Ainsi, ce que font les philosophes analytiques, selon Murdoch, consiste à faire «leurs interprétations morales inconsciemment plutôt que consciemment», en ce sens qu’ils «analysent et décrivent notre moralité et celle des autres».

La description de notre propre moralité et de celle des autres peut impliquer la création de différents modèles qui n’ont pas les mêmes caractéristiques que les autres. modèles, qui n’ont pas la neutralité de la logique, contrairement à ce que prétendent ces conceptions mé-

taéthiques. Ces modèles ne sont pas neutres du point de vue logique, contrairement à ce que prétendent ces conceptions métaéthiques, mais ils expriment à leur tour des préoccupations morales spécifiques. La même méthode linguistique adoptée par les théories de la métaéthique ancienne, dont Murdoch partage l’importance, semble contraire à la quête d’universalité propre à la logique, en ce qu’elle entre en contact avec la «sphère confuse et changeante des concepts avec lesquels [les êtres humains] vivent - et qui sont sujets à des changements historiques. Les concepts avec lesquels [les êtres humains] vivent sont confus et changeants - et ils sont sujets à des changements historiques.

C’est à ce stade que Murdoch propose une réhabilitation de la métaphysique dans le cadre de l’éthique : la méthode linguistique en philosophie morale, si elle est prise au sérieux», c’est-àdire non pas comme une analyse purement logique de concepts généraux tels que le «bien» ou le «mal», mais comme une analyse de concepts généraux tels

que le «bien» ou le «mal». concepts tels que le «bien» ou le «juste», mais comme une exploration du champ «confus et changeant» de la philosophie morale, à travers lesquels nous exprimons nos morales, peut être comprise comme une forme de métaphysique, non pas au sens de «métaphysique», en tant que fondement philosophique d’entités, mais au sens de la production de représentations, d’idées, d’images conceptuelles complexes.

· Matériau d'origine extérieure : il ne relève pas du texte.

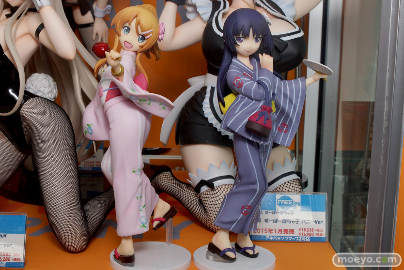 フリーイング「俺の妹がこんなに可愛いわけがない。 高坂桐乃 浴衣Ver.」 新作フィギュア彩色サンプル画像レビューフリーイングの新作フィギュア「俺の妹がこんなに可愛いわけがない。 高坂桐乃 浴衣Ver.」の彩色サンプルが、アキバ☆ソフマップ2号店で展示!『普段とはまた違う魅力あふれる淡いピンクの浴衣姿は可愛さ満点。』というもので、こちらも黒猫(画像レビュー)同様、原型制作はあます氏(林檎連盟)です。その展示の様子を画像レビューとしてお伝えします!

L’idée qui émerge ici est que l’interprétation des différentes représentations de la moralité ne peut pas être effectuée comme une analyse purement neutre, mais implique inévitablement la création de nouvelles représentations, images, configurations conceptuelles.

La distinction méta-éthique même entre faits et les valeurs peut être considérée, dans ce sens, comme une configuration conceptuelle particulière qui est l’expression d’une vision spécifique vision morale.

https://www.frammentirivista.it/vedere-veramente-ovvero-leggete-iris-murdoch/

40 VENEZIA
Photo wikipedia.org PALAZZI

Turn static files into dynamic content formats.